(CNN) -- The U.S. Navy is getting ready to "swarm" its adversaries.
The Office of Naval Research over the weekend released video of tests conducted in August that showed five "drone" boats swarming a vessel that posed a threat to a Navy ship.
"The U.S. Navy is unleashing a new era in advanced ship protection," the service says in the video.
Controlled by what the Navy calls Control Architecture for Robotic Agent Command and Sensing (CARACaS), a sensor and software kit that is transferable among small vessels, a fleet of more than a dozen small unmanned boats cruise along the James River in Virginia, setting up a protective screen on a Navy research ship.
When a threatening vessel is detected, five boats break off to confront it.
"If I was the actual target it would be pretty intimidating to see five boats rushing at me," Sam Calabrese, pilot of the "bad guy" vessel, said in the Navy video.
One developer likened the robot boats to "guard dogs" that could swim around a warship and detect threats before they come within striking range. And like dogs, the robot boats actually think for themselves, with their software choosing the best route for each boat to confront a threatening vessel.
The drone boats could be armed to fire on adversaries, but fire control would come from a sailor on an accompanying warship.
The system also allows the Navy to save money because no special boats have to be built to deploy it. The boats used in the August demonstration came from inventory now carried on Navy warships, the Navy video said.
"Any boat can be fitted with a kit that allows it to operate autonomously and together swarm on any threat," the video says.
The CARACaS software was originally designed for NASA's Mars rovers, the Navy video says, and adapted for use by small boats.

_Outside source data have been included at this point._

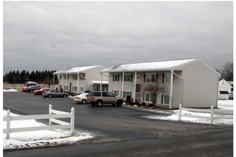
Walworth Apartments on Church Street
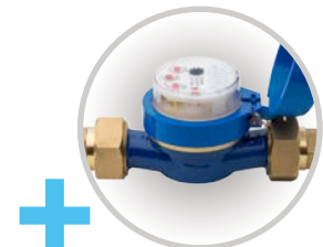
Add optional flow meter for flow alerts and monitoring water consumption
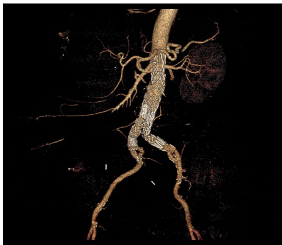
Fig. 1 Postoperative CT-scan after initial EVAR

The postoperative CT-scan showed that the right renal artery was partially covered by the graft (Fig. 3). On the 2nd postoperative day a bare metal stent (RX Herculink Elite Renal Stent System 5 × 15 mm; Abbott CardioVascular, Plymouth, MN, USA) was successfully inserted and deployed via a left brachial access. After 6 months, at Duplex US the aneurysm sac was stable and both iliac extension were patent without any signs of stenosis.
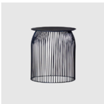
TURI TURI Occasional Table
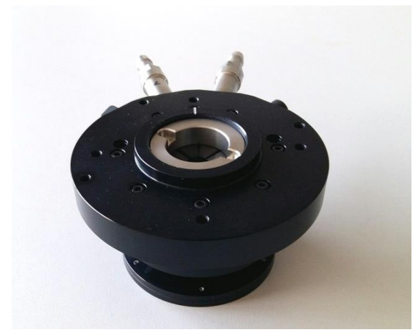
Heat exchanger unit made of aluminum

For working temperatures above 80°C up to 90°C an additional heat exchanger must be integrated in the base plate of the ALV/CGS-3 System.
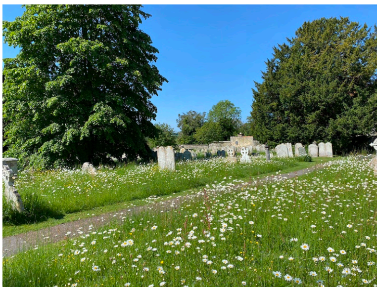
The churchyard in June

St Michael's has received a Bronze 'A Rocha' award in and is working towards silver. The building itself presents challenges to sustainability: in common with many churches it is poorly insulated and expensive to heat. But the churchyard is actively managed for biodiversity and at the last count in 2023 contained at least 167 plant species. The number will continue to grow as appropriate new species are introduced.
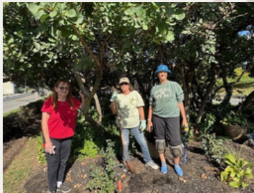
SIGC at The Healing Garden
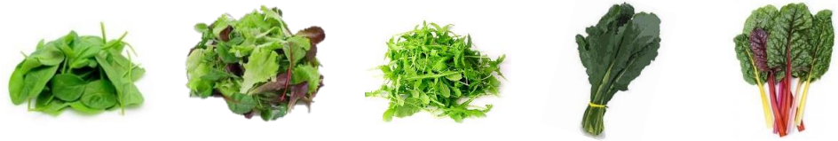
Baby spinach, chopped kale, Swiss chard, arugula, shredded cabbage, lettuce, spring mix, shaved Brussels sprouts, etc.

Start with a hefty base of leafy greens, 2 to 3 cups
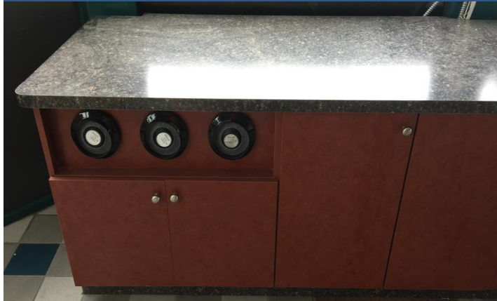
Brand new counters
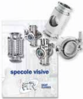
SIGHT GLASS-FLOW INDICATOR
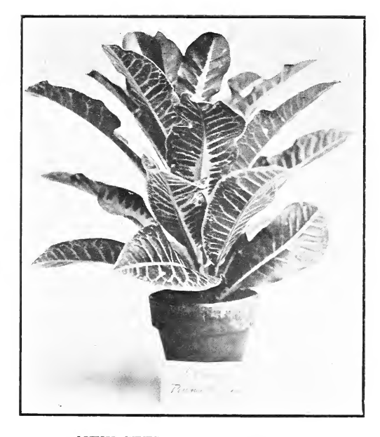
NEW SEEDLING CROTON RODMAN WANAMAKER
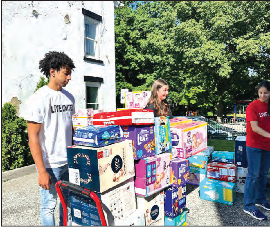
United Way of the Dutchess-Orange Region hosted its annual 100,000 Diaper Distribution event on July 26.
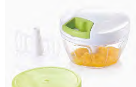
ART NO:A372 QUICK PULL CHOPPER(400ML) MEAS/QTY:53.8x31x41cm/36pcs GW/NW:10.6/8.2kgs 20'/40':14688/29412pcs
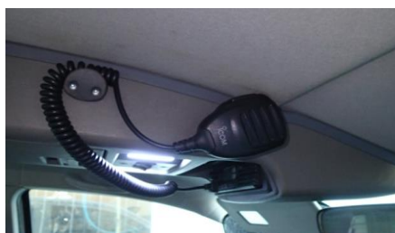
Left hand cable outlet radios
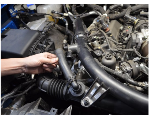
3. Disconnect the hose attached to the diverter valve.
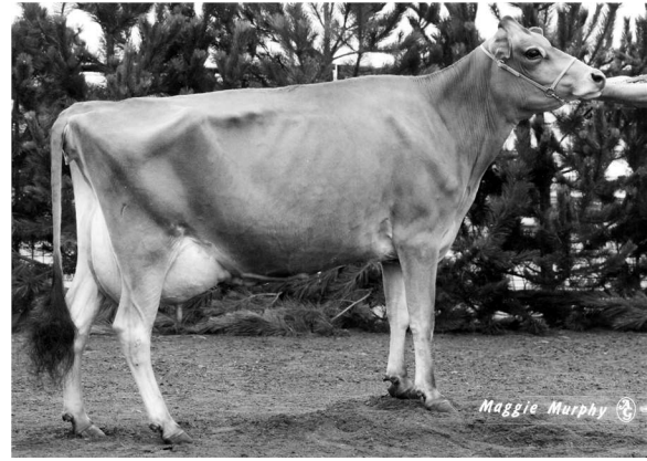
BUTTERFIELD SUNNY SENSCHAL, E-90% FOURTH DAM OF LOT 368
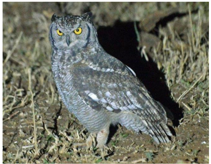
Red-crested Korhaan and Spotted Eagle-Owl (Anita Lloyd)
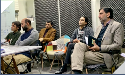
Session on Business Development and Communication
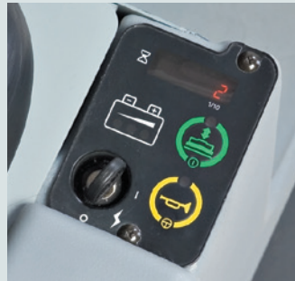
Simple, One-Touch™ operators button.

Operators of the Advolution 2710 rider burnisher can expect uncompromised safety. Open sight lines in front of the machine create a safe and comfortable ride for the operator. Automatic safeguards eliminate unmanned start-ups, which can lead to damaged floor finish. A safety switch prevents accidental pad start-up in the tilt-up position. Passive dust control is standard on the Advolution 2710 rider burnisher, which reduces the need for dust mopping. An active dust control kit is available as an option for environments that require a higher degree of filtration.
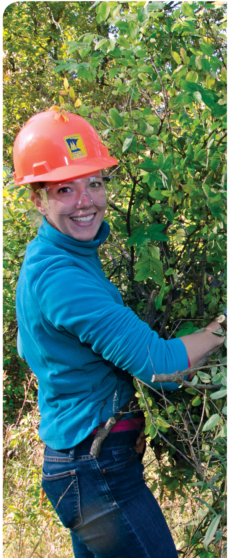
A volunteer performing invasive specie control by removing buckthorn at Grey Cloud Dunes Scientific and Natural Area (SNA).
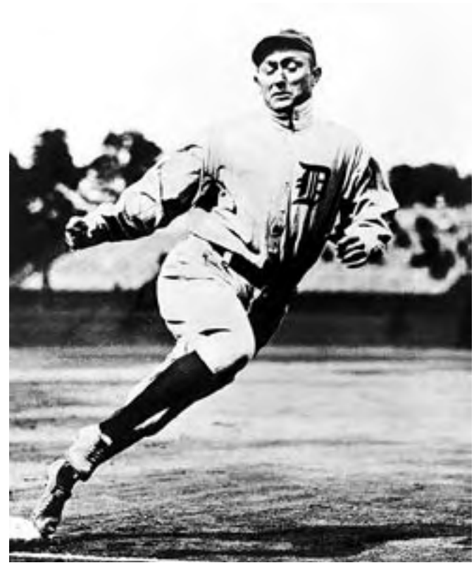
Native Georgian Ty Cobb is featured in the New Georgia Encyclopedia Online.

the 1600s to the late twentieth century.

The Navy released the video just a week before the 14th anniversary of the terrorist attack on the destroyer USS Cole in Yemen that killed 17 American sailors. The Cole was attack by a small boat packed with explosives which blew a 40-foot-by-60-foot hole in the side of the destroyer when detonated.
It's the kind of attack Navy officials think a swarm of unmanned surface vessels, or USVs, could prevent without putting any sailors in harm's way.
"While the attack on Cole was not the only motivation for developing autonomous swarm capability, it certainly is front and center in our minds, and hearts," Rear Adm. Matthew Klunder, chief of naval research, said in a statement. "If Cole had been supported by autonomous USVs, they could have stopped that attack long before it got close to our brave men and women on board."
The Navy release says swarmboat capabilities could also play a role in protecting U.S. ports. The U.S. Coast Guard was part of the tests the Navy carried out in August.
The Navy did not give a date for when the system could be deployed in the fleet.